Paddy Doyle fell so far. He fell for so long. And in those long moments, all that Maura could think was that ridiculous cat was back. He as alive and dead, fully both, fully neither. She was surrounded by people and entirely alone. Paradox. Ludicrous. And horrifyingly real.

Maura had lost her birth mother. If the woman wasn't dead before, she was dead to Maura now. Most people would look at Paddy Doyle's fall, see his body and have that spark of hope. Maybe he would beat the odds, maybe by some freak of fate he could survive. She knew all too well how impossible that was. If he somehow defied death, his body would be too damaged to do much beyond survive. The brain trauma itself… devastating. No, she knew too much for that glimmer of hope. Her birth mother is dead now. Her biological father is, for all practical purposes, dead, too.

Her mother… Constance Isles… she can only hope. And hope is draining between her fingers these days. Family isn't an area where she has much expertise.

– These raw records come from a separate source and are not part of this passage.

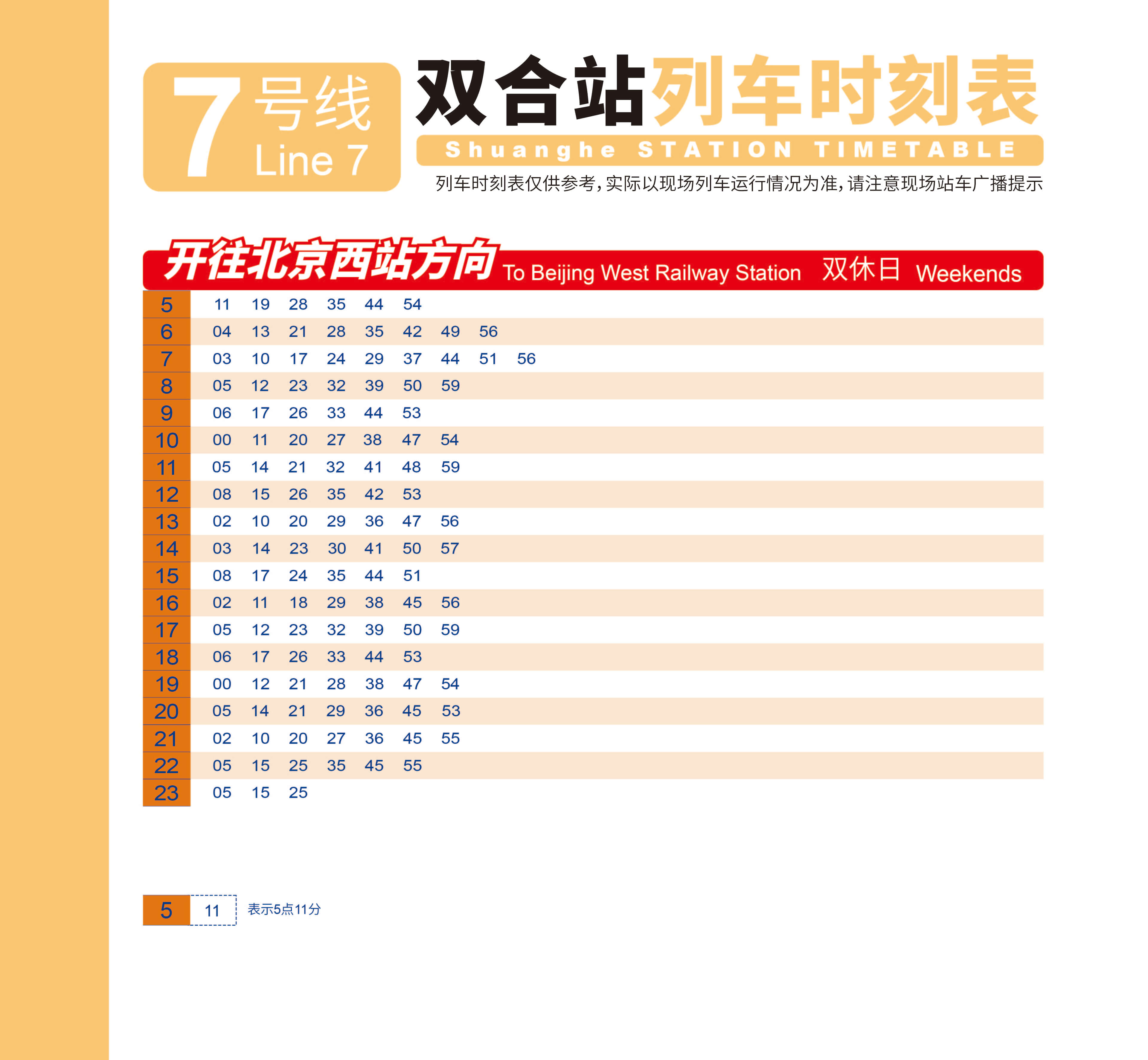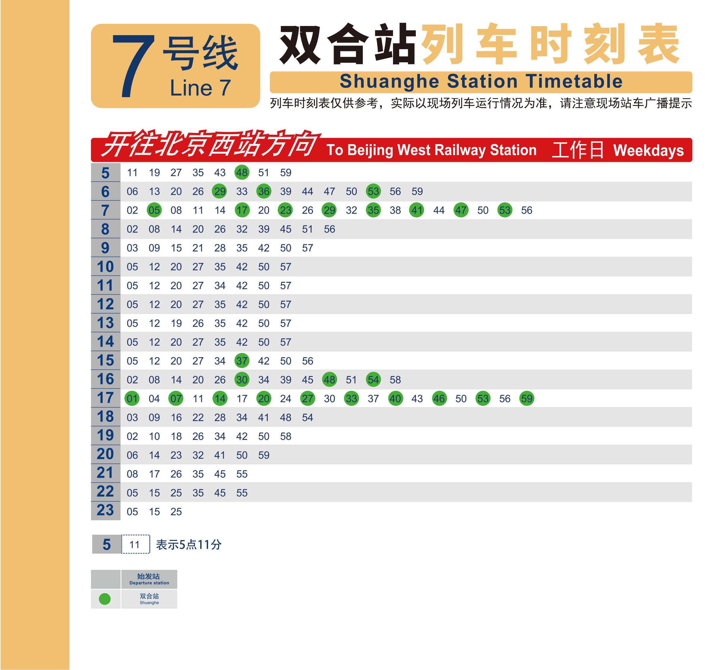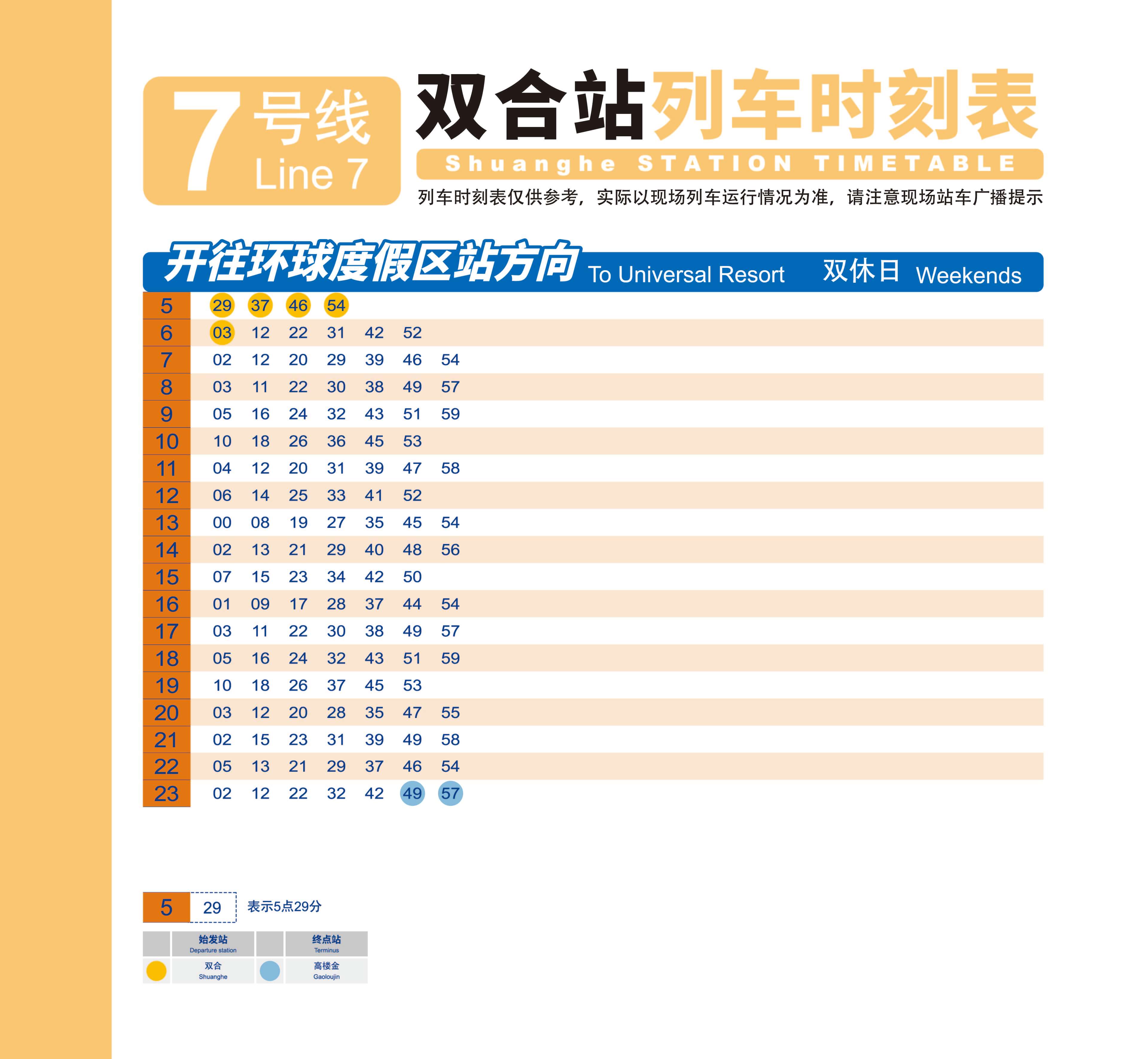 7号线 北京西站—环球度假区首车 5:29末车 23:42末车终点高楼金 23:577号线 环球度假区—北京西站首车 5:11末车 23:25
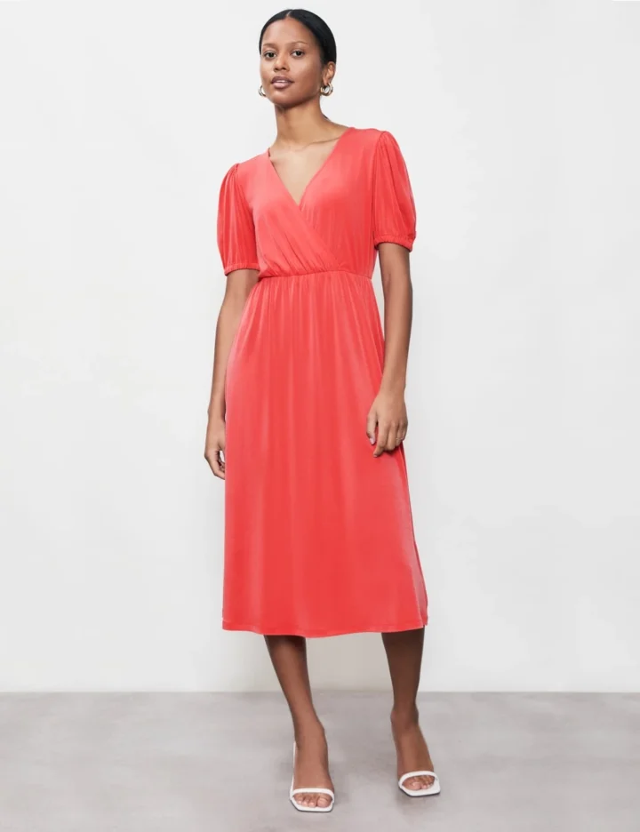 With its midi-length hem and short puff sleeves, this waisted dress from Finery London is a stylish choice for any occasion. It’s designed in a comfortable regular fit, with an elegant mock wrap v-neckline. Gathering at the shoulders and waist creates a flattering draped finish.
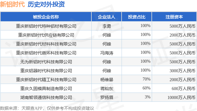 证券之星消息,根据天眼查APP显示,新铝时代(301613.SZ)新增一起对外投资事件,被投资公司为重庆新铝时代特种铝材有限公司,法定代表人李勇,投资占比为100%。该公司从事有色金属冶炼和压延加工业,注册资本为5000万人民币。目前,新铝时代共存在对外投资9项,详见下表:
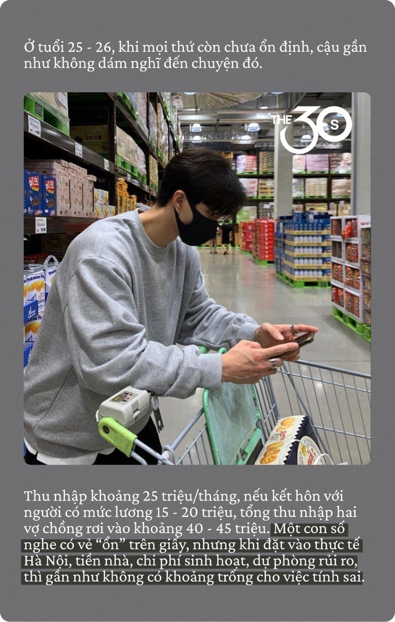 Ở tuổi 25 - 26, khi mọi thứ còn chưa ổn định, cậu gần như không dám nghĩ đến chuyện đó. Thu nhập khoảng 25 triệu/tháng, nếu kết hôn với người có mức lương 15 - 20 triệu, tổng thu nhập hai vợ chồng rơi vào khoảng 40 - 45 triệu. Một con số nghe có vẻ “ổn” trên giấy, nhưng khi đặt vào thực tế Hà Nội, tiền nhà, chi phí sinh hoạt, dự phòng rủi ro, thì gần như không có khoảng trống cho việc tính sai.
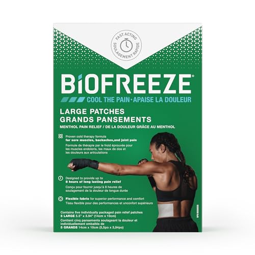 Biofreeze Patches (5 Large Size), Penetrating Pain Relief for Sore Muscles, Arthritis, Backaches, and Sore Joints, Fast Acting, Long Lasting, Cooling Menthol Formula, Mess Free Application, Flexible Fabric for Comfort,

A hand is reaching out, reaching for Paddy Doyle, and she reacts. Everything protective, and all of her accumulated anger at the universe in general rears its head. "Don't you touch him!" she snaps, almost feeling the touch, even though it was directed toward another.

Maura is raw nerves and panicked helplessness. "Don't you _dare_ touch him," she emphasizes, suddenly feeling too trapped. There is no way out, not without more people. Her childhood phobia of expectations and questions choke her, making her rasp in a way the dry, smoke laden air did just days before.

Jane is before her now—best friend and worst enemy. Maura's eyes are glued to the man on the ground. Dreading reality, wanting to hide under covers until the horror film ends. And eventually the box has to open. The cat will be either alive or dead, but Maura is afraid to look. She's afraid she might be inside.


End file.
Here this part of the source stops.